= Composition of the protocerebrum =

First segment of the panarthropod brain

The protocerebrum is the first segment of the panarthropod brain.

Recent studies suggest that it comprises two regions.

== Region associated with the expression of six3 ==

six3 is a transcription factor that marks the anteriormost part of the developing body in a whole host of Metazoa.

In the panarthropod brain, the anteriormost (rostralmost) part of the germband expresses six3. This region is described as medial, and corresponds to the annelid prostomium.

In arthropods, it contains the pars intercerebralis and pars lateralis.

six3 is associated with the euarthropod labrum and the onychophoran frontal appendages (antennae).

== Region associated with the expression of orthodenticle==
The other region expresses homologues of orthodenticle, Otx or otd. This region is more caudal and lateral, and bears the eyes.
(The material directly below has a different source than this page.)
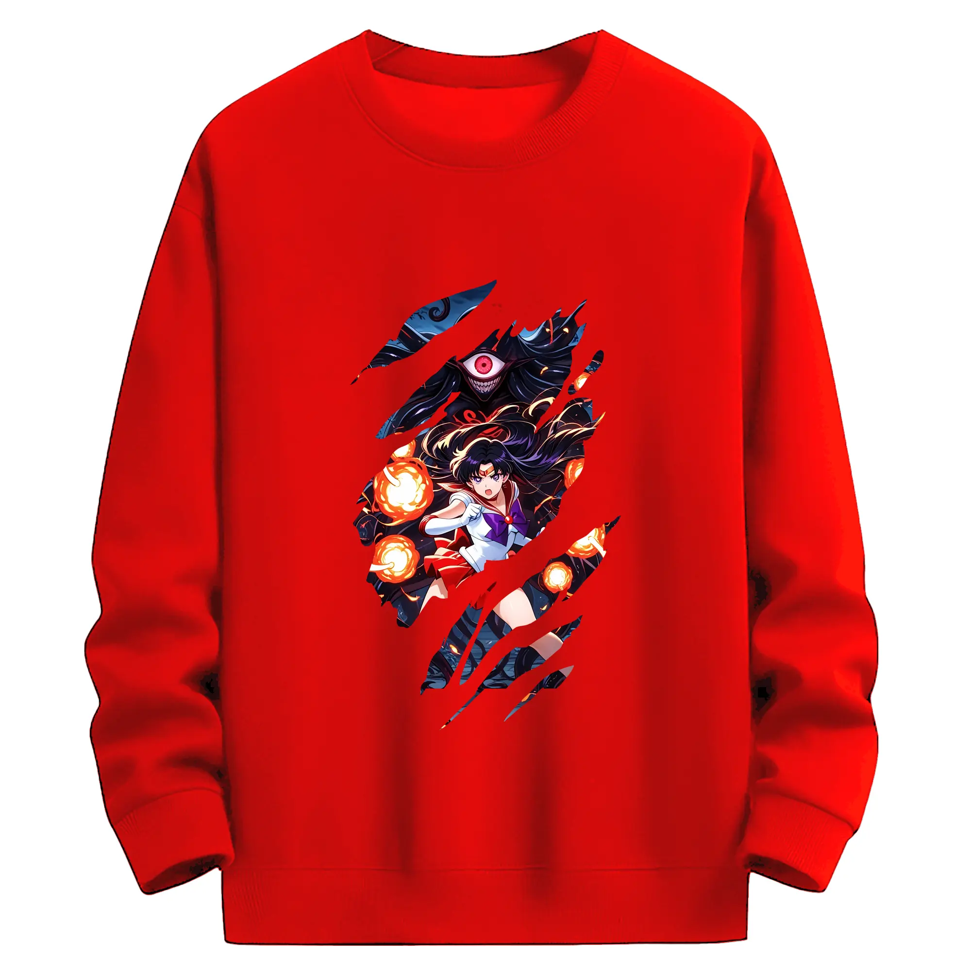 美少女戦士セーラームーン グッズ 火野 レイ - 薄手 クルーネック スウェット 裏毛260g · ポリエステル 春秋向け カジュアル 男女兼用 · トレーナー デイリー スポーツ 散歩に最適

Orthodenticle is associated with the protocerebral bridge, part of the central complex, traditionally a marker of the prosocerebrum.

In the annelid brain, Otx expression characterises the peristomium, but also creeps forwards into the regions of the prostomium that bear the larval eyes.

== Names of regions ==
Inconsistent use of the terms archicerebrum and the prosocerebrum makes them confusing.
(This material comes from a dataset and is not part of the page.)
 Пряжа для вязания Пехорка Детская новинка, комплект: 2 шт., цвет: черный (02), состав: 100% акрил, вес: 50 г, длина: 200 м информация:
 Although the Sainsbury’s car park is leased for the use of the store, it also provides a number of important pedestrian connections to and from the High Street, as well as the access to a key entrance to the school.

The regions were defined by Siewing (1963): the archicerebrum as containing the ocular lobes and the mushroom bodies (= corpora pedunculata), and the prosocerebrum as comprising the central complex.
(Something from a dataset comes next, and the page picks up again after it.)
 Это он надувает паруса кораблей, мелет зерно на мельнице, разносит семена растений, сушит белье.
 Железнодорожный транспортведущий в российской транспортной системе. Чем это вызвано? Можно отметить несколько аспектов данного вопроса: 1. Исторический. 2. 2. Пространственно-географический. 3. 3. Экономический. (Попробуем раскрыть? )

The archicerebrum has traditionally been equated with the anteriormost, 'non-segmental' part of the protocerebrum, equivalent to the acron in older terminology.
The prosocerebrum is then equivalent to the 'segmental' part of the protocerebrum, bordered by segment polarity genes such as engrailed, and (on one interpretation) bearing modified segmental appendages (= camera-type eyes).

But Urbach and Technau (2003) complicate the matter by seeing the prosocerebrum (central complex) + labrum as the anteriormost region

- Strausfeld 2016 identifies the anteriormost part of the brain = labrum = acron with the archicerebrum, followed by an engrailed-bounded 'first segment', bearing appendicular eyes, which he terms the prosocerebrum.
- Ortega-Hernández et al. (2017) follow the same model as Strausfeld (2016), but switch the terms prosocerebrum and archicerebrum.
- Archicerebrum = acron, followed by 'labral segment' / 'first head segment': Schmidt-Ott U., González-Gaitán M., Technau G.M. (1995). "Analysis of neural elements in head-mutant Drosophila embryos suggests segmental origin of the optic lobes"
- Urbach & Technau say that the archicerebrum = acron = ocular segment = first three protocerebral lobes bears optic lobes and mushroom bodies, and lacks engrailed; the prosocerebrum = fourth protocerebral lobe includes "the central complex and the neurosecretory cells of the pars intercerebralis" and corresponds to the labral segment.
- Weygoldt (1985) sees the archicerebrum as anterior to the prosocerebrum, and as being non-segmental (i.e. = acron).
- Hunnekuhl, V.S. and Akam, M. avoid the terms, instead defining an ocular/preantennal region and an anterior medial region (with pars intercerebralis + neurosecretory cell cluster).

An alternative usage of the terms seems to have been introduced by Steinmetz et al (2010), who seem to flip the terms?

- Steinmetz et al. 2010 write "The most anterior part, the
protocerebrum, can be further subdivided into a more
lateral region bearing, for example, the optic lobes
(archicerebrum) and a median region that includes, for
example, the pars intercerebralis (prosocerebrum). Most
authors think that the archicerebrum represents the tip
of the neuraxis, but this has been disputed."
- Future studies seem to have taken this to denote that the prosocerebrum is the rostralmost part of the body axis, contradicting a long tradition of usage.